Sad to say, you might not know it's not working out until you find your male dead. Sexually mature females kept with one male have been known to take their aggression out that male and kill him. Often time over night when the tank is dark. That is why it is recommended to never keep males and females together except during breeding; and then you remove the female when the mating is done.

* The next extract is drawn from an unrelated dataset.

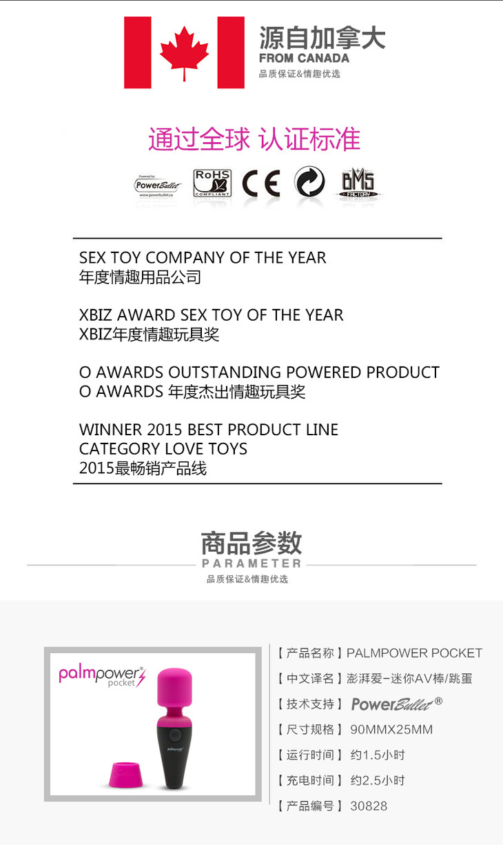 加拿大Palmpower AV按摩棒高点棒震动力度女用调情自慰按摩器

And, actually, Betta aren't "vicious." They are territorial as nature intended. Some are more territorial than others.


----------



## devasta (Oct 1, 2020)

RussellTheShihTzu said:


> Sad to say, you might not know it's not working out until you find your male dead. Sexually mature females kept with one male have been known to take their aggression out that male and kill him. Often time over night when the tank is dark. That is why it is recommended to never keep males and females together except during breeding; and then you remove the female when the mating is done.
> 
> And, actually, Betta aren't "vicious." They are territorial as nature intended. Some are more territorial than others.

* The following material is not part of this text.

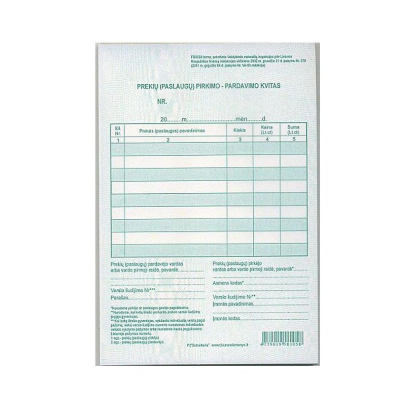 Prekių (paslaugų) pirkimo-pardavimo kvitai be Nr.

oh no. I m staring to notice that the male (pebbles) in the 5 gallon become less active and always stays in the bottom or by the heater while other females are roaming freely. Is this a sign? I m thinking of just removing the 2 females ( snowflake and blueberry) to the 2.5 tank and get rid of flamer.


----------



## BettaloverSara (Oct 15, 2020)

I think the combinations you have might be difficult in any tank but I also think they are a bit over crowded. You might be better to put the 3 females in the 5 gal and the male in the 2.5, tho 5 gal is still probably too small for a sorority tank. I e never had a sorority tank so I’m not 100% sure but I know they can be a tricky balance sometimes.
Are you trying to breed them? Is that why you are having males and females together? If you just like the look of the fish together than you should probably invest in a bigger tank and research some other fish breeds. There are plenty of fish that can live well with bettas in the right tank. ☺


----------



## BettaloverSara (Oct 15, 2020)

I just realized you have two males...I think you definitely need another tank or less fish.


----------



## RussellTheShihTzu (Mar 19, 2013)

You need to skip the idea of a sorority unless you get that 10 gallon and two more females or you will have them killing or severely injuring each other.


----------



## devasta (Oct 1, 2020)

just swapped the male (pebbles) to the 2.5 tank w a neon tetra and the boy seems happier  so as for the 5 gallon there just 3 females and they seem to be more at peace with each other.


----------



## BettaloverSara (Oct 15, 2020)

Neon tetras are schooling fish and also can be fin nippers. One betta and a neon in a 2.5 gallon tank is not a good combo either. Do you have another tank that the neon came from? He needs friends that aren’t a betta, like 5 of them at least. In a 2.5 Gal tank your male betta should not have any tank mates. It is suitable for him if you do lots of water changes but not big enough for a tank mate.


----------



## devasta (Oct 1, 2020)




----------



## BettaloverSara (Oct 15, 2020)

Just trying to help you not lose your fish 🤷‍♀️


----------



## RussellTheShihTzu (Mar 19, 2013)

The driving purpose of a forum (at least this one), should be to educate. A person may not like the information they receive, especially when they are told they are doing something wrong, but what's best for the fish should always be more important that an owner's feelings.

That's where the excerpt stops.